I think the problem started after I downloaded a newer version of Firefox. I thought it was 3.08 or something. I removed that and then downloaded 3.6.7.

It crashes every time I start it up. But...if I open it in the safe mode it works.

Is this a problem with my AVG software settings?


----------



## dezingg (Feb 25, 2010)

It seemed to me that people were complaining about AVG version 9, but I don't know much about it. Does Internet Explorer work ... or does that crash too? (What version of IE do you have?)

What operating system are you running? XP, Vista or ??? Do you have plenty of RAM? Plenty of hard disk space?

I wasn't having any trouble with the versions you were running..

Now I'm running the Firefox 4.0b1 (beta) on WinXP. I was running Firefox 3.67 until I got curious about additional compatibility with HTML5.


----------



## RiverPines (Dec 12, 2006)

I'm running the same FF as you on win7 and not having any probs.
My son and daughter and my DIL are all running the same version on their pcs and mac and no issues.


----------



## fishhead (Jul 19, 2006)

I've got WinXP. I seem to have plenty of RAM. Haven't checked the hard drive.

Last night I restored it and then deleted the shortcuts to the 2 newest versions of Firefox. I tried removing Firefox in the control panel but it wouldn't let me for some reason.

Then I setup Firefox 1.0? and it seems to be working but my homepage loads slowly and jerks around.

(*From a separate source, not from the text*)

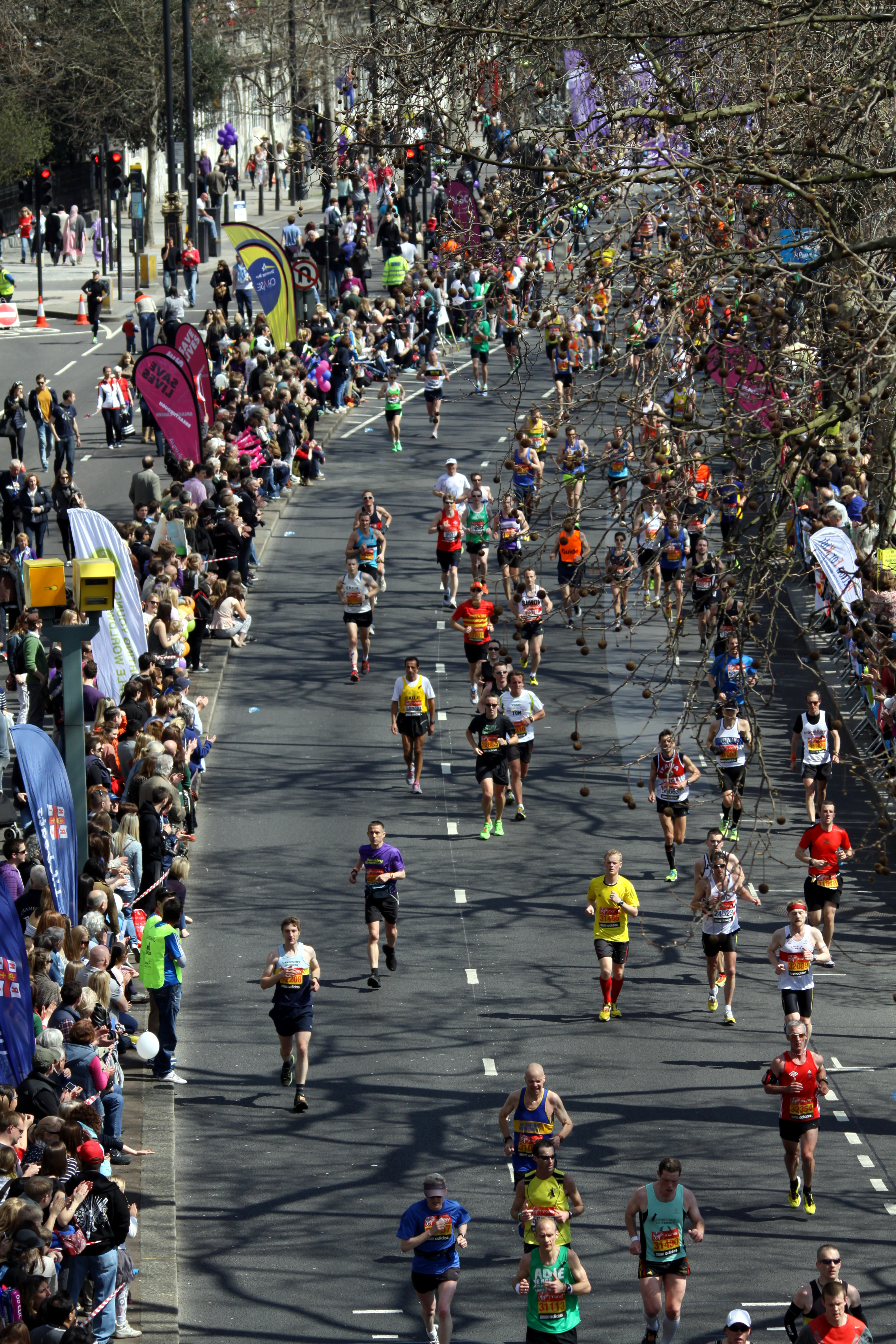 2013 London Marathon, photographed at Victoria Embankment, London, Great Britain.

I have a hard time finding "Restore" but if I can find it again I'm going to restore it to an even earlier date tonight.


----------



## Nevada (Sep 9, 2004)

I believe that there's an issue with the Flash player plug-in and 3.6.7. Try opening FireFox in safe mode and see if disabling the Flash plug-in helps.


----------



## fishhead (Jul 19, 2006)

Thanks.


----------



## dezingg (Feb 25, 2010)

Don't know about your system, but my HP system has Restore at the following location:
Start Menu
All Programs
PC Help & Tools
Restore

Good luck


----------



## fishhead (Jul 19, 2006)

I opened Firefox in safe mode but it took me straight to my homepage and I couldn't see where I could disable the Flash plug-in.

I stumbled on my restore point and restored it back even further but it didn't help with the jerky image as my homepage loads. The same page loads fine on my work computer.

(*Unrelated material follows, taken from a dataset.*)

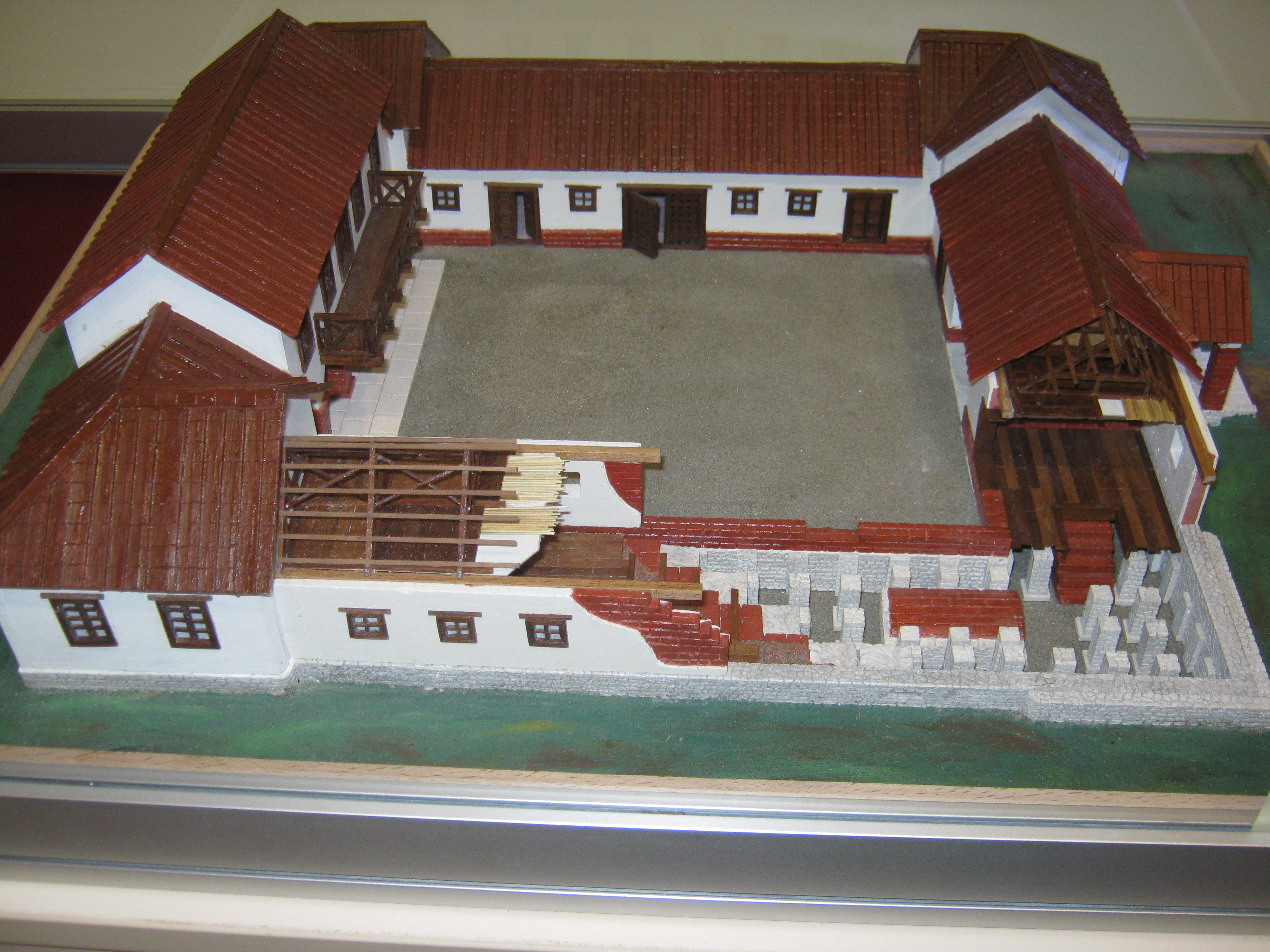 Roman Villa Rustica Model. Found a few remnants of these villas in the vicinity of Valjevo.

If this keeps up I may restore my entire hard drive from the disks but I can't remember what I lose when I do that.


----------



## Nevada (Sep 9, 2004)

fishhead said:


> I opened Firefox in safe mode but it took me straight to my homepage and I couldn't see where I could disable the Flash plug-in.

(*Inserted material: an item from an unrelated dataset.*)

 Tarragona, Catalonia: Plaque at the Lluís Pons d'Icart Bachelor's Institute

Go to Tools-->Add-ons then click on the Plug-ins icon. It's under Shockwave Flash. Click on Shockwave Flash, then click the Disable button.


----------



## fishhead (Jul 19, 2006)

There was 2 Shockwave plugins and I disabled them both but it still copies pieces of the page and puts them were they don't belong. They kind of flash off and on.

I think I'd better back up my computer just in case.

Thanks.

I just remembered that I upgraded to broadband a couple of weeks ago and my phone has been staticy ever since.


----------